§ TASK DETAILS
Below are the entries. Print only the lines starting at the one with "10月17日下午,柳州职业技" and ending at the one with "Les chantiers des", exactly, with no pictures.

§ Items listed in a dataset
■ ■ ■ ■

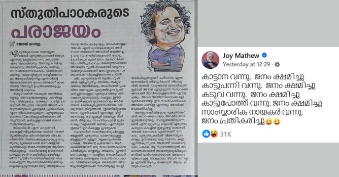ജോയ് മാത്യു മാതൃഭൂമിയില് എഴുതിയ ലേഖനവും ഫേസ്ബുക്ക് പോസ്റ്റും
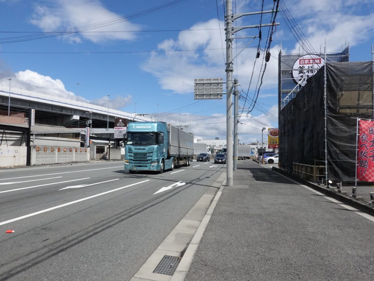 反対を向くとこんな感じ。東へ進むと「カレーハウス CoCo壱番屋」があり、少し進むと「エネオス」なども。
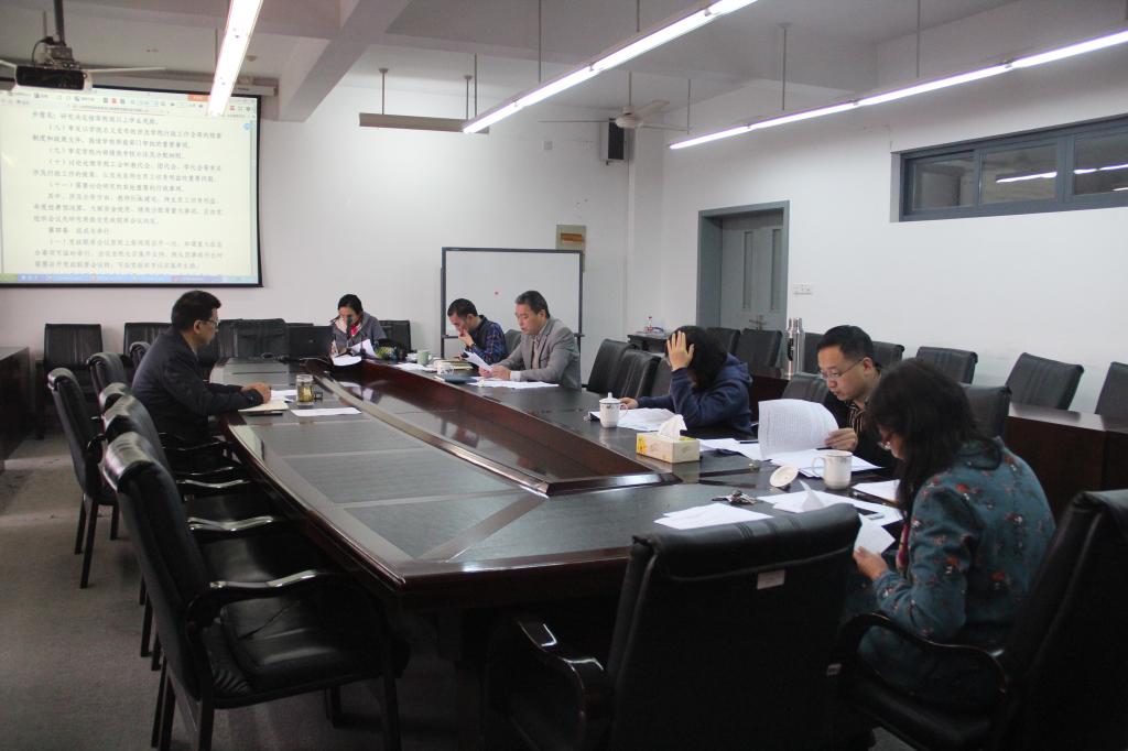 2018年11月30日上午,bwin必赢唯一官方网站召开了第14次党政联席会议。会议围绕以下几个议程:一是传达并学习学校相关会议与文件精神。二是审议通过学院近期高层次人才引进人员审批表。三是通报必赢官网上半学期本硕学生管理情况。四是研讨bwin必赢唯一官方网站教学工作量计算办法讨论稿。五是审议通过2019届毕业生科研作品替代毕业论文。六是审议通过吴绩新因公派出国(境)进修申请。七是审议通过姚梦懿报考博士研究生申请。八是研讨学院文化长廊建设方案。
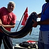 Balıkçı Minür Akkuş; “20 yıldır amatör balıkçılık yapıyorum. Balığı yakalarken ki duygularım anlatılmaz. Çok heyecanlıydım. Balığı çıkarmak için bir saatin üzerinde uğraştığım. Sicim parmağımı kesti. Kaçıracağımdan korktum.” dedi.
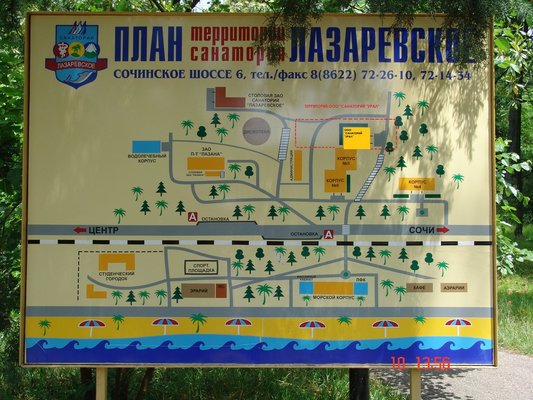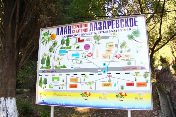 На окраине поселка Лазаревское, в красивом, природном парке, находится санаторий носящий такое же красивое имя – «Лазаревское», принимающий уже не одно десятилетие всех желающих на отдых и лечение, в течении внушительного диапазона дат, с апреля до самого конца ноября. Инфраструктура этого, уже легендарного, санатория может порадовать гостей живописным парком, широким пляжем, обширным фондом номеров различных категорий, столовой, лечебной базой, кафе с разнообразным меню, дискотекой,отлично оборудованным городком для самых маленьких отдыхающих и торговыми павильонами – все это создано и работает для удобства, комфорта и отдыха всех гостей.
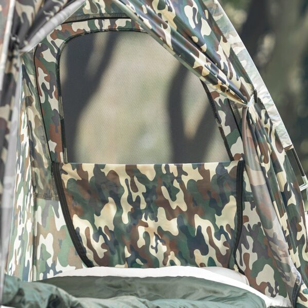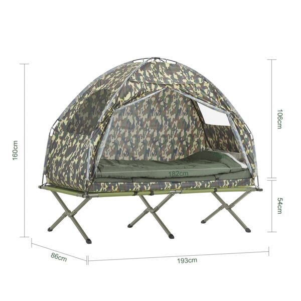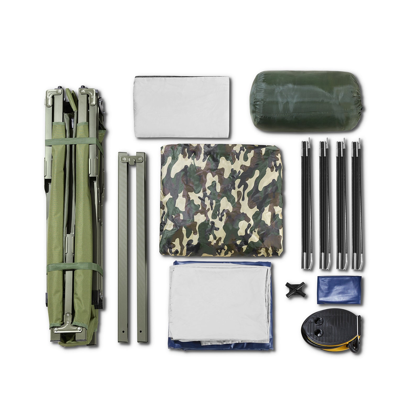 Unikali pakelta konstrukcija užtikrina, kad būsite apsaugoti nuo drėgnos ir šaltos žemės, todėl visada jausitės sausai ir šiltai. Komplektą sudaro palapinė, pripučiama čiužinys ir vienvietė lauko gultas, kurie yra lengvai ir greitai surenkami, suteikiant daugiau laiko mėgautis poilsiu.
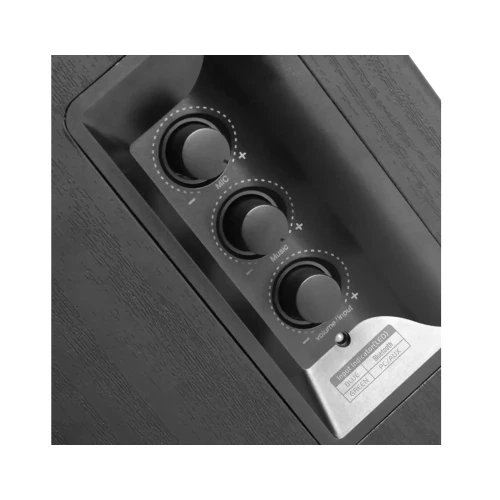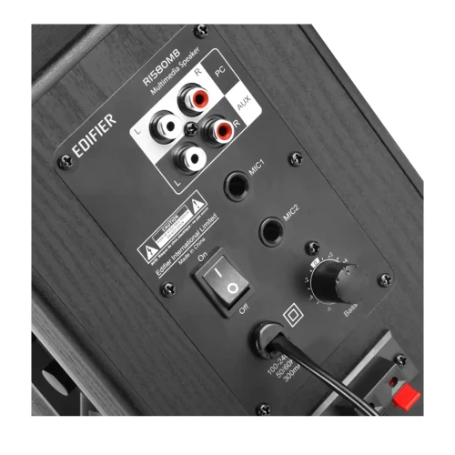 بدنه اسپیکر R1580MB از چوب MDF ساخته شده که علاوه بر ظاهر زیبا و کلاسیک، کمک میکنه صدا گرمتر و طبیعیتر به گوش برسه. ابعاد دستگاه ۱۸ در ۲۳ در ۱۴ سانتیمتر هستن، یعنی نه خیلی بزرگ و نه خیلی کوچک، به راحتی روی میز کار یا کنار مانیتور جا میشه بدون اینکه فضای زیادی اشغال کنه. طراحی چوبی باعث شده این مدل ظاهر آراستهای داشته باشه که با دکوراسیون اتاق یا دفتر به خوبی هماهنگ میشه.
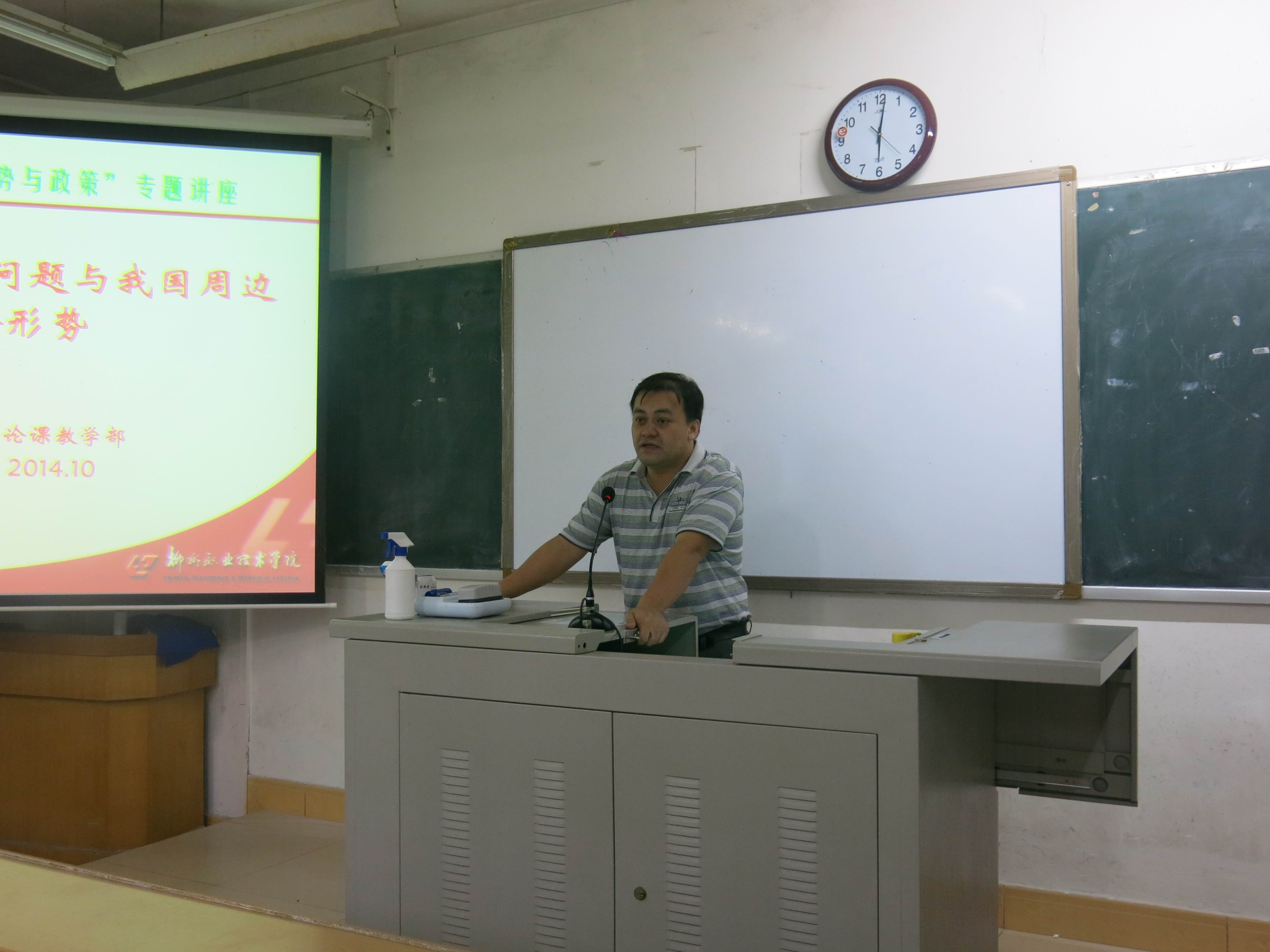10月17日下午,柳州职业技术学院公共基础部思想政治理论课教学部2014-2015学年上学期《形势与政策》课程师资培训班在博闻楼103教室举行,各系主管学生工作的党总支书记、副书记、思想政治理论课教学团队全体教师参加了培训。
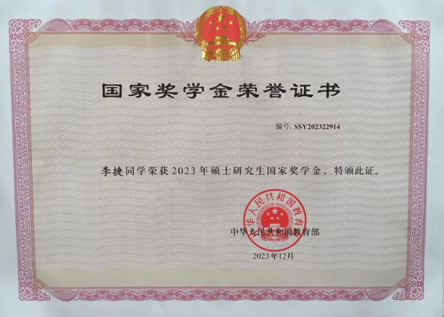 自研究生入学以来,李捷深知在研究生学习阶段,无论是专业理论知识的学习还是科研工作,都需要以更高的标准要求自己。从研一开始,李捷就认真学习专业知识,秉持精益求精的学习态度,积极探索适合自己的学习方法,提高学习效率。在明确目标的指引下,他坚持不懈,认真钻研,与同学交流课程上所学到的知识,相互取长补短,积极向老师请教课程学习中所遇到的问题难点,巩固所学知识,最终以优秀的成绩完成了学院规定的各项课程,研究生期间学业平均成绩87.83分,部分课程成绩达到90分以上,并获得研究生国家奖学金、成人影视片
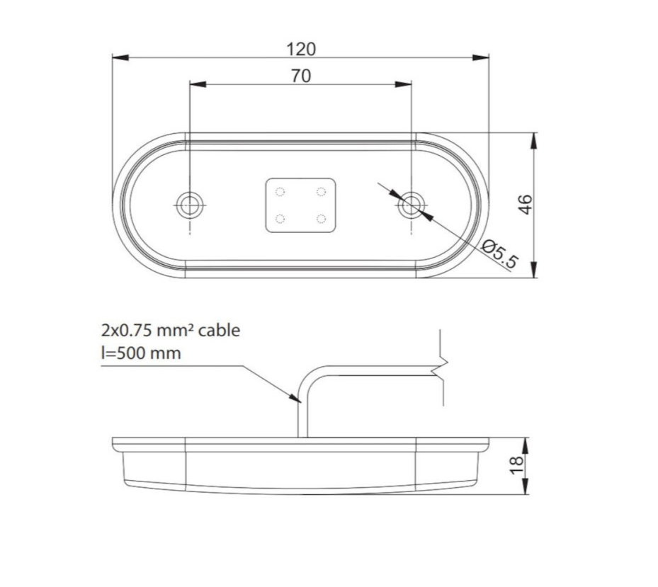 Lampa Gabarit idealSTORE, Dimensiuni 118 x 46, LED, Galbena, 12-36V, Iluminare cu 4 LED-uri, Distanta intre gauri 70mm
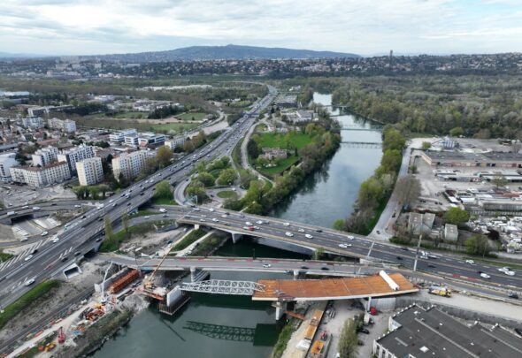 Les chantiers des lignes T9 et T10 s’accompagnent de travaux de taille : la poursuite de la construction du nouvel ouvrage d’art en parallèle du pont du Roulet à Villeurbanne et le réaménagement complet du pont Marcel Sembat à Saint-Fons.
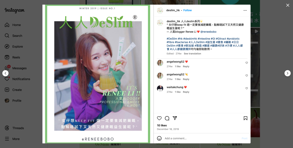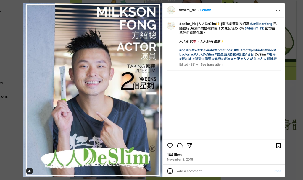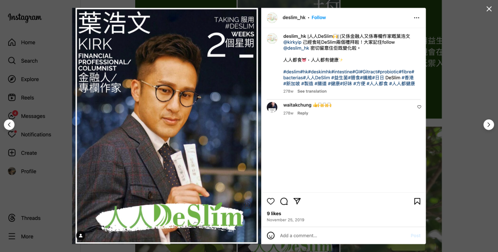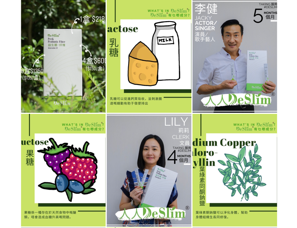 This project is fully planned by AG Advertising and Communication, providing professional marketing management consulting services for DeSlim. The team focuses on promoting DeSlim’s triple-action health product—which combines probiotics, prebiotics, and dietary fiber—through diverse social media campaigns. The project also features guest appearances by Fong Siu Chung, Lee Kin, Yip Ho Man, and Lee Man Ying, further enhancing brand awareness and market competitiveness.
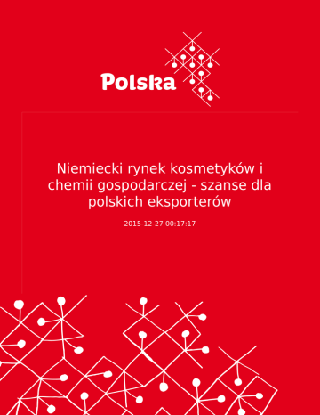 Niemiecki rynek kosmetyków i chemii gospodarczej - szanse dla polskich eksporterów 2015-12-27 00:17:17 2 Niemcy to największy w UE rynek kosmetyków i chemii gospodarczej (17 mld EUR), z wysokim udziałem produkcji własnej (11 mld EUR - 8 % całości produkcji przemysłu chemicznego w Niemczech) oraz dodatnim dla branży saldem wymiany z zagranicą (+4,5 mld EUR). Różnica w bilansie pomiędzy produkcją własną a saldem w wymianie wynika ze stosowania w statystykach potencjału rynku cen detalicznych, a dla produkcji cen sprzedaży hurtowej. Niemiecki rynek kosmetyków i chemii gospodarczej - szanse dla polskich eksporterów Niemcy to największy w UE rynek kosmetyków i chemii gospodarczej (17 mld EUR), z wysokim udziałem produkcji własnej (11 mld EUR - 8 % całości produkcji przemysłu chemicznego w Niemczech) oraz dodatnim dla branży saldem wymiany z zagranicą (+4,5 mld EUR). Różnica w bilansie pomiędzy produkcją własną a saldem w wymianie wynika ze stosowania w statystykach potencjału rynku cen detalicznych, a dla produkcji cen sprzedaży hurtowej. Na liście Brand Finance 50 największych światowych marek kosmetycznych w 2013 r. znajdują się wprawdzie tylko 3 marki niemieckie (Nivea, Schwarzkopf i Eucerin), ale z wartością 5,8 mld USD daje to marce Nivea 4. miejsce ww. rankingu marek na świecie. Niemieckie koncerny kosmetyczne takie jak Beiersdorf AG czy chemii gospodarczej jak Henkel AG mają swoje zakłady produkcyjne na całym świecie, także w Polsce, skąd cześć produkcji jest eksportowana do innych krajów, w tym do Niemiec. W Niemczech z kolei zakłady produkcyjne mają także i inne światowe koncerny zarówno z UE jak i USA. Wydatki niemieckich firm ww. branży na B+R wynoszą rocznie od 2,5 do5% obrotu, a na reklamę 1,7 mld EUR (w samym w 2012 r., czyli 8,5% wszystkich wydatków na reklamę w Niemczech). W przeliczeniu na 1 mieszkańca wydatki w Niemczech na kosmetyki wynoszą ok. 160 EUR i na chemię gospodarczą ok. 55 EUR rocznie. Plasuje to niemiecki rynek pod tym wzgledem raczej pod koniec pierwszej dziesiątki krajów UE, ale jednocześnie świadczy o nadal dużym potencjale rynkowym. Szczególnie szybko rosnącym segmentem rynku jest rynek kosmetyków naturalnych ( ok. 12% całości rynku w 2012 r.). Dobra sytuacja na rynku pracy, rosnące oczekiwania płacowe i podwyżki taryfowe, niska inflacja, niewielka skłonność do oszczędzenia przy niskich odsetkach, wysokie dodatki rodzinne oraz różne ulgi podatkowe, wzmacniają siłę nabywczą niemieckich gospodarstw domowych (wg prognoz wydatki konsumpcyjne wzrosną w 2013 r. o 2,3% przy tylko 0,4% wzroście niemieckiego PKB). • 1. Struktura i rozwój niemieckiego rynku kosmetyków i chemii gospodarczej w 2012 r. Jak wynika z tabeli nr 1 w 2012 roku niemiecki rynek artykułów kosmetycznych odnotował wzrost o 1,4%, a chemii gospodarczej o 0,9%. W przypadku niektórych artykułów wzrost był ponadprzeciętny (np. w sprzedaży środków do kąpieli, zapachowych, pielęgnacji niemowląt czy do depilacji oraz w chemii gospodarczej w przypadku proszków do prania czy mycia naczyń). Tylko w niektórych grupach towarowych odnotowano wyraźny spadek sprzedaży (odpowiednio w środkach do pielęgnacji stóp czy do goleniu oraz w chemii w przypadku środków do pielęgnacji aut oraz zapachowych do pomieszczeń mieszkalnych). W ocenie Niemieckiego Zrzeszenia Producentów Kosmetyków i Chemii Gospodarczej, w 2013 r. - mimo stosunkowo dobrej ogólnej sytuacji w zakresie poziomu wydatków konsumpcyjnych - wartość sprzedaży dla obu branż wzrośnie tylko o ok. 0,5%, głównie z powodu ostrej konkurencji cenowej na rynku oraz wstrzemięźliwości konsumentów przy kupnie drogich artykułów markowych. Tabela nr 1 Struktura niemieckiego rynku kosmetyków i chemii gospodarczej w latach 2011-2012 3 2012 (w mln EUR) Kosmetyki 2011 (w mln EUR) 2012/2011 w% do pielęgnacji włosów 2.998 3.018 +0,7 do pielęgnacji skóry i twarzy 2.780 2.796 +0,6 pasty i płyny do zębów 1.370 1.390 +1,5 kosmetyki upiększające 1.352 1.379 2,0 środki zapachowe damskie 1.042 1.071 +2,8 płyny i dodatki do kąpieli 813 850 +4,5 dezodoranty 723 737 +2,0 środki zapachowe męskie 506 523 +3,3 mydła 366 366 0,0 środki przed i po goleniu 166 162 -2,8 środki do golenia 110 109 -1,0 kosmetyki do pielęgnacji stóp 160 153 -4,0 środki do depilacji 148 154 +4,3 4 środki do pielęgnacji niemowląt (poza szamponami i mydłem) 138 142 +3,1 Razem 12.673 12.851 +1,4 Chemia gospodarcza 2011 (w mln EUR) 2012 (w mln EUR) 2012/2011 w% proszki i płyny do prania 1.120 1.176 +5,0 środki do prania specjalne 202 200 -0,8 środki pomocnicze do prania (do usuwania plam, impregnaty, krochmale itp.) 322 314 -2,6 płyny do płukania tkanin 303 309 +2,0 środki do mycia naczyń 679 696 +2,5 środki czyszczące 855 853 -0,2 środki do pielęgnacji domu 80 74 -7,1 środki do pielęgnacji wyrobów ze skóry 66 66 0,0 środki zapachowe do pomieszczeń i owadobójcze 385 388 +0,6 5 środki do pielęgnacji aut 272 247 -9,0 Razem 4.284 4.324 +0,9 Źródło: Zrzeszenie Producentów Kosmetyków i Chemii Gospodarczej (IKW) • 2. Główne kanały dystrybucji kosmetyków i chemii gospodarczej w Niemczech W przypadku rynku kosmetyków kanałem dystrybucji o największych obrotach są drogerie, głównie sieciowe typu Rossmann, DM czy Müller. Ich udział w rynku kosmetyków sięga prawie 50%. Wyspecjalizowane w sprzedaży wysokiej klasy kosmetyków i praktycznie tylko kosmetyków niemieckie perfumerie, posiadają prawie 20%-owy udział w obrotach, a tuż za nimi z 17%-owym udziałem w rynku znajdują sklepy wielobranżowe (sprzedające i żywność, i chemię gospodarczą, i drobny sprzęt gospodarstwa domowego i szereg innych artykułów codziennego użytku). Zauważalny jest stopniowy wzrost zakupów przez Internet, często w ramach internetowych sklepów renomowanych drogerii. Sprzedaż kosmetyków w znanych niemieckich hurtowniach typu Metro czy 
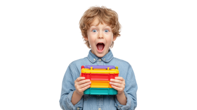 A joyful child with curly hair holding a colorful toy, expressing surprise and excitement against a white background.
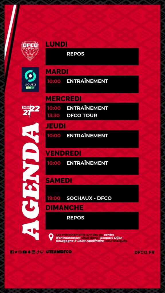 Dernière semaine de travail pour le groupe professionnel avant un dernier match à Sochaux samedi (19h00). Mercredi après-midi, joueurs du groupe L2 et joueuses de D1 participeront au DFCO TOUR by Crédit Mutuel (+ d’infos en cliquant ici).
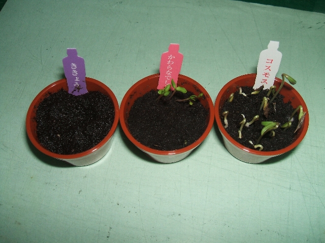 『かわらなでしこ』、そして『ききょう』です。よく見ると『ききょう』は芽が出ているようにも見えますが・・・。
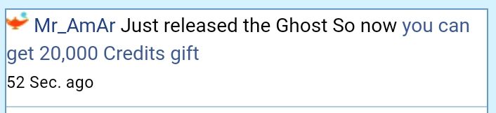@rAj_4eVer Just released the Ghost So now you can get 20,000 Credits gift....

■ ■ ■ ■

§ SOLUTION FOR THIS PROBLEM
10月17日下午,柳州职业技术学院公共基础部思想政治理论课教学部2014-2015学年上学期《形势与政策》课程师资培训班在博闻楼103教室举行,各系主管学生工作的党总支书记、副书记、思想政治理论课教学团队全体教师参加了培训。
 自研究生入学以来,李捷深知在研究生学习阶段,无论是专业理论知识的学习还是科研工作,都需要以更高的标准要求自己。从研一开始,李捷就认真学习专业知识,秉持精益求精的学习态度,积极探索适合自己的学习方法,提高学习效率。在明确目标的指引下,他坚持不懈,认真钻研,与同学交流课程上所学到的知识,相互取长补短,积极向老师请教课程学习中所遇到的问题难点,巩固所学知识,最终以优秀的成绩完成了学院规定的各项课程,研究生期间学业平均成绩87.83分,部分课程成绩达到90分以上,并获得研究生国家奖学金、成人影视片
 Lampa Gabarit idealSTORE, Dimensiuni 118 x 46, LED, Galbena, 12-36V, Iluminare cu 4 LED-uri, Distanta intre gauri 70mm
 Les chantiers des lignes T9 et T10 s’accompagnent de travaux de taille : la poursuite de la construction du nouvel ouvrage d’art en parallèle du pont du Roulet à Villeurbanne et le réaménagement complet du pont Marcel Sembat à Saint-Fons.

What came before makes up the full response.